The following is an excerpt from Canada Countdown, How to Immigrate to Canada--A Guide Book.

Coming to Canada as a federal skilled worker has traditionally been the most popular route of entry to the country.

What most applicants don't realize, however, is that the application process is increasingly restrictive. Someone who was eligible 10 years ago may not make the cut today. That's because too many of the skilled workers who came here for better lives were sorely disappointed.

They did not find the opportunities and success they had anticipated in their field of expertise....

In recent years, Citizenship and Immigration Canada (CIC) has modified and will continue to modify the requirements of the Federal Skilled Worker Class of immigration to improve immigrants' chances for success in Canada. The most recent changes to Canada's Skilled Worker Program were introduced on December 19, 2012, and are to be in effect as of May 4, 2013.

These changes are designed to enhance a new immigrant's chances of integrating into the Canadian workplace as quickly as possible by placing greater emphasis on age and language ability of both the principal applicant and their spouse.

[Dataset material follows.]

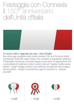 Connexia, agenzia di comunicazione con focus sulle attività di Relazioni Pubbliche, Internet PR e Interattività Online, ha sviluppato un’applicazione Facebook che permette a tutti gli utenti di personalizzare l’immagine del proprio profilo dimostrando il proprio orgoglio tricolore.L’applicazione '150 anni', raggiungibile alla pagina Facebook dell’agenzia, http://www.facebook.com/Connexia, consente di scegliere tra 3 badge tricolore, una coccarda, un cuore e tre palloncini, che verranno visualizzati in basso a destra sull’immagine del proprio profilo sul social network.

In order to be eligible to apply as a skilled worker, you must:

* Have adequate work experience in one of the listed eligible occupations

* Meet a points score of 67/100

* Provide the results of an official language proficiency test as well as provide an evaluation of your educational certificates.

As mentioned, applicants for the Federal Skilled Worker Class are selected based on six criteria: language abilities, age, education, work experience, adaptability and whether or not they have arranged employment in Canada. There is a point system for this category, and the pass mark is 67.

Language is now the single most important factor under the new Skilled Worker criteria. Language proficiency is crucial, because it can bring you a maximum of 28 points. Unlike the other selection factors, this is one that you can improve in a relatively short time, in order to increase your score. If you speak both English and French, you must choose one as your first official language, preferably the one you know best. Your proficiency will be assessed based on your ability to speak, read, write and listen.

Canada Countdown is written by Nick Noorani and Catherine Sas QC. It is available for download online from www.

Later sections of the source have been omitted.